Proceeds from the sale of Common Stock pursuant to Stock Awards shall constitute general funds of the Company.
10. MISCELLANEOUS.
(a)      Acceleration of Exercisability and Vesting. The Board shall have the power to accelerate the time at which a Stock Award may first be exercised or the time during which a Stock Award or any part thereof will vest in accordance with the Plan, notwithstanding the provisions in the Stock Award stating the time at which it may first be exercised or the time during which it will vest.
(b)      Corporate Action Constituting Grant of Stock Awards. Corporate action constituting a grant by the Company of a Stock Award to any Participant shall be deemed completed as of the date of such corporate action, unless otherwise determined by the Board, regardless of when the instrument, certificate, or letter evidencing the Stock Award is communicated to, or actually received or accepted by, the Participant.
(c)      Stockholder Rights. Subject to the further limitations of Section 7(b)(iv) hereof, no Participant shall be deemed to be the holder of, or to have any of the rights of a holder with respect to, any shares of Common Stock subject to such Stock Award unless and until (i) such Participant has satisfied all requirements for exercise of the Stock Award pursuant to its terms, if applicable, and (ii) the issuance of the Common Stock subject to such Stock Award has been entered into the books and records of the Company.
(d)      No Employment or other Service Rights. Nothing in the Plan, and Stock Award Agreement or any other instrument executed thereunder or in connection with any Stock Award granted pursuant thereto shall confer upon any Participant any right to continue to serve the Company or an Affiliate in the capacity in effect at the time the Stock Award was granted or shall affect the right of the Company or an Affiliate to terminate (i) the employment of an Employee with or without notice and with or without cause, (ii) the service of a Consultant pursuant to the terms of such Consultant’s agreement with the Company or an Affiliate or (iii) the service of a Director pursuant to the Bylaws of the Company or an Affiliate, and any applicable provisions of the corporate law of the state in which the Company or the Affiliate is incorporated, as the case may be.
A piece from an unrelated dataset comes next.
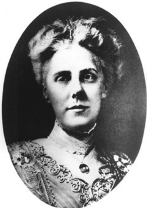
Anna Jarvis

Some clergy agree, objecting to the commercialism of the holiday. Does Mother's Day have religious meaning? If so what is it? Just consider the witness of its founder, Anna Jarvis.

(e)      Investment Assurances. The Company may require a Participant, as a condition of exercising or acquiring Common Stock under any Stock Award, (i) to give written assurances satisfactory to the Company as to the Participant’s knowledge and experience in financial and business matters and/or to employ a purchaser representative reasonably satisfactory to the Company who is knowledgeable and experienced in financial and business matters and that he or she is capable of evaluating, alone or together with the purchaser representative, the merits and risks of exercising the Stock Award; and (ii) to give written assurances satisfactory to the Company stating that the Participant is acquiring Common Stock subject to the Stock Award for the Participant’s own account and not with any present intention of selling or otherwise distributing the Common Stock. The foregoing requirements, and any assurances given pursuant to such requirements, shall be inoperative if (1) the issuance of the shares of Common Stock upon the exercise or acquisition of Common Stock under the Stock Award has been registered under a then currently effective registration statement under the Securities Act, or (2) as to any particular requirement, a determination is made by counsel for the Company that such requirement need not be met in the circumstances under the then applicable securities laws. The Company may, upon advice of counsel to the Company, place legends on stock certificates issued under the Plan as such counsel deems necessary or appropriate in order to comply with applicable securities laws, including, but not limited to, legends restricting the transfer of the Common Stock.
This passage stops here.